Telset.id – SpaceX mulai membebankan biaya tambahan permintaan atau “demand surcharge” kepada pelanggan Starlink di Amerika Serikat yang tinggal di area dengan kepadatan tinggi, dengan nominal mencapai USD 1.500 atau sekitar Rp24 juta. Kebijakan ini memicu protes keras dari pengguna yang merasa terbebani oleh biaya mendadak tanpa pemberitahuan yang memadai.

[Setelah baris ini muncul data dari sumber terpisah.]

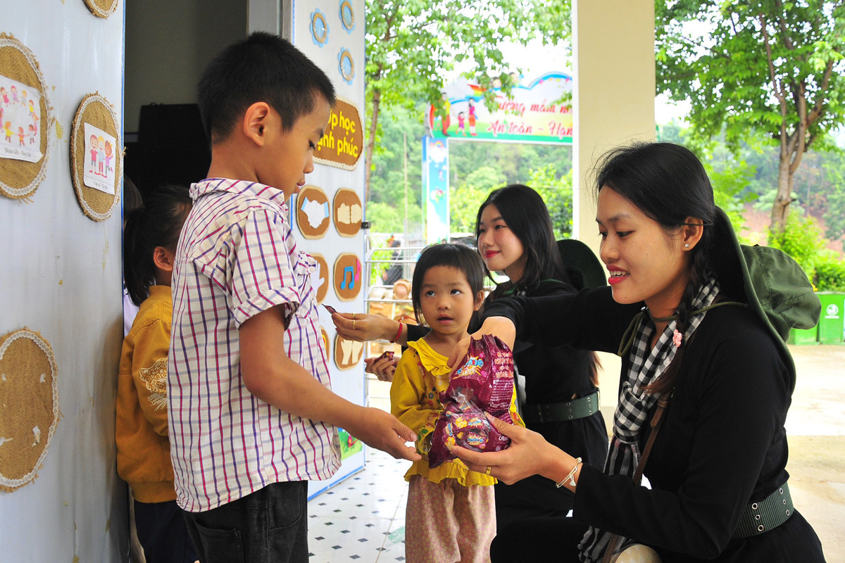 Nữ du kích miền Nam tặng quà các em nhỏ TP Điện Biên Phủ.

Layanan internet satelit milik Elon Musk ini menerapkan biaya tambahan tersebut secara diam-diam sejak tahun 2024. Awalnya, biaya ini hanya sebesar USD 100 atau sekitar Rp1,6 juta sebagai biaya satu kali tergantung lokasi. Namun, pada Juni 2025, angka tersebut melonjak hingga USD 1.000 di beberapa wilayah Amerika Serikat. Kini, berdasarkan laporan terbaru, biaya tambahan bisa mencapai USD 1.500 di bagian Alaska, menunjukkan peningkatan eksponensial dalam waktu dua tahun.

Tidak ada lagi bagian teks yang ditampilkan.